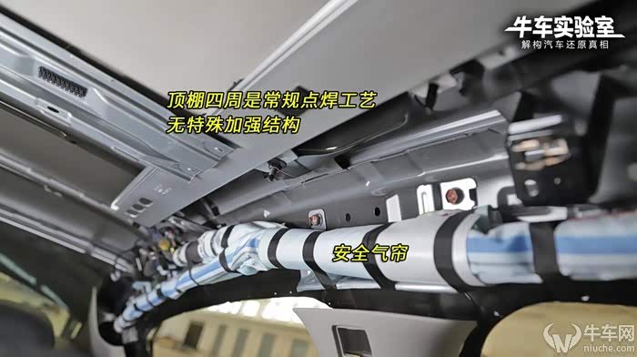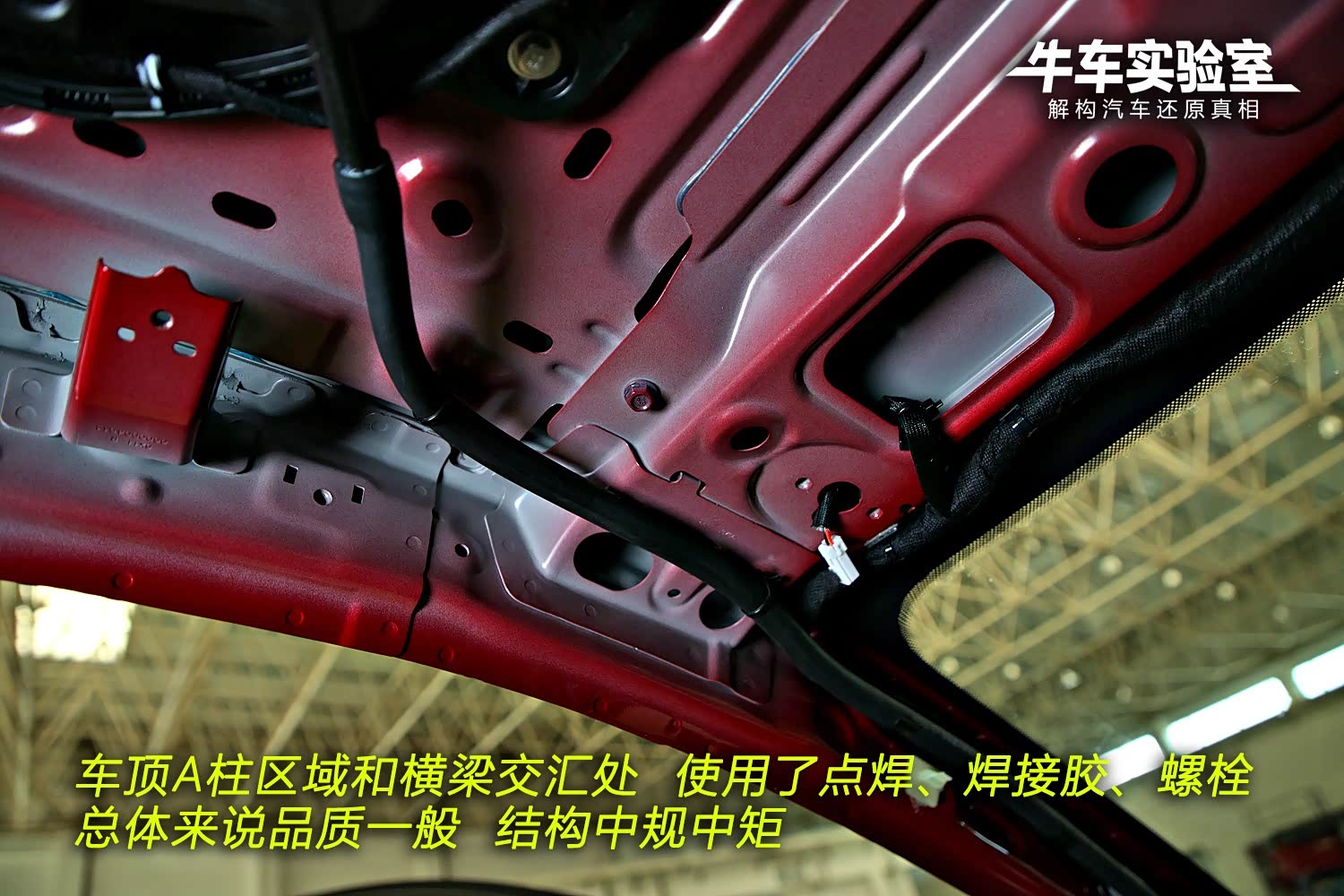 全文总结:吉利缤越,全景天窗边框无加强,C柱上方加强筋。丁基胶止震贴,车顶隔音棉。
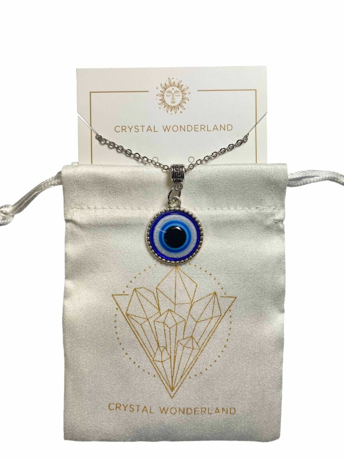 Large Evil Eye Pendant Necklace Silver Lucky Protection Success Eye Talisman
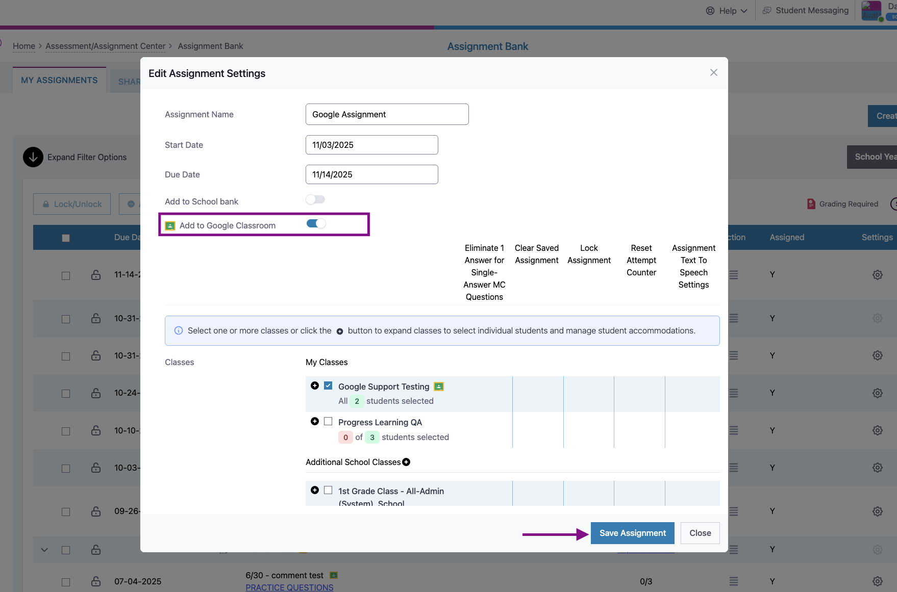 Step 4. If the existing assignment due date has passed, extend the due date to a future date. Enable the toggle next to Add to Google Classroom, then click Save Assignment.

Assignment:
What you return should be the whole listing, word for word, without its pictures.

Written response:
 全文总结:吉利缤越,全景天窗边框无加强,C柱上方加强筋。丁基胶止震贴,车顶隔音棉。
 Large Evil Eye Pendant Necklace Silver Lucky Protection Success Eye Talisman
 Step 4. If the existing assignment due date has passed, extend the due date to a future date. Enable the toggle next to Add to Google Classroom, then click Save Assignment.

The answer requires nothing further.